Aber das Unternehmen schlitterte in die finanzielle Pleite. Als Musiker hatte Reichel mehr Erfolg. Mit seinem Krautrock-Projekt "A.R. & Machines" konnte er sich vier Jahre behaupten und sich - unter anderem mit der CD "Grüne Reise" - eine internationale Reputation erspielen.

Musiker Achim Reichel als DJ mit weiblichen Fans im Jahr 1967 (Foto: picture-alliance/dpa)
1967 - auch als Diskjockey bei den Fans beliebtBild: picture-alliance/dpa

Erfolg mit Seemannsliedern und Goethe

Sieben Langspielplatten später besann sich Reichel seine große Liebe zum Meer und brachte 1976 und 1977 zwei Alben auf den Markt, auf denen er alte Seemannslieder sang. Präsentiert mit Stromgitarre, hartem Schlagzeugbeat und mit rockiger Stimme. Nach anfänglicher Verwunderung über die musikalische Kehrtwende Reichels waren Fans und Medien gleichermaßen begeistert. Großes Lob gab es auch, als Reichel 1978 auf seinem Album "Regenballade" rockige Interpretationen deutscher Lyrik präsentierte. Texte von Fontane oder Goethe wurden von Achim Reichel atemberaubend in Szene gesetzt. Die intensive und erfolgreiche Arbeit mit deutschen Texten wurde für Achim Reichel zu einem Schlüsselerlebnis. Er begann damit, eigene Texte zu verfassen und sich mit moderner deutscher Literatur zu beschäftigen. Ab 1980 brachten ihm seine deutschsprachigen Stücke "Der Spieler", "Boxer Kutte", "Kreuzworträtsel" oder "Aloha Heja He" großen kommerziellen Erfolg.

Workaholic in Sachen Musik

Achim Reichel, der sich als Workaholic bezeichnet, gründete neben seiner Arbeit als Musiker ein Musiklabel und kümmert sich als Produzent und Songschreiber um den Nachwuchs in der deutschen Musiklandschaft. Auch seine "Rattles" ließ er für einige Konzerte und Studioaufnahmen wieder aufleben. 2006 brach Achim Reichel eine Lanze für die oftmals verpönte deutsche Volksmusik und brachte das Album "Volxlieder" heraus.

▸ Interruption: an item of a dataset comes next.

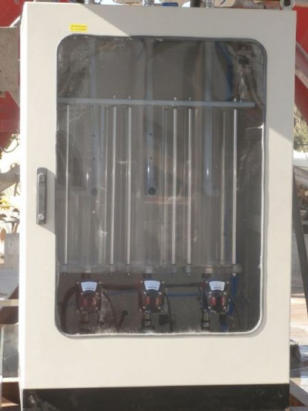 Fabricamos também balanças com um vaso mas com a possibilidade de pesar no mesmo vaso até 4 aditivos, com sistema automático de lavagem do vaso, para a não contaminação de produtos.

Seine große Leidenschaft für das deutsche Volkslied begründet Reichel so: "Wenn man sich diese Lieder einmal im internationalen Vergleich anhört, dann stellt man fest, dass unsere Volkslieder absolut ebenbürtig mit den Songs anderer Länder sind, die man viel öfter singt und hört. Es ist einfach nur versäumt worden, diese Lieder in die neue Zeit zu transportieren. In allen anderen Ländern hat das längst stattgefunden. Nur bei uns leider nicht. Und da habe ich gedacht, mittlerweile bist Du alt genug dafür, trau' Dich mal ran an die Sache!"

Achim Reichel singt und spielt Gitarre auf der Bühne (Foto: picture alliance/Jazz Archiv)
2008 - Achim Reichel in der Hamburger FabrikBild: picture alliance/Jazz Archiv

Rückblick auf das Musikerleben

Auch für ein anderes ambitioniertes Projekt schien die Zeit kurz vor seinem siebzigsten Geburtstag reif. Einen Rückblick auf sein bewegtes Leben und seine spannende Musikkarriere präsentierte Reichel auf seiner spektakulären "Solo mit Euch"-Tournee. Unter dem Motto "Mein Leben, meine Musik, gesungen und erzählt" absolvierte Reichel von 2009 bis 2013 einhundert Auftritte in mehr als sechzig deutschen Städten. Ein außergewöhnliches Projekt - aber siebzig Lebensjahre und davon ein halbes Jahrhundert als Musiker bieten eben jede Menge interessanten Erzählstoff.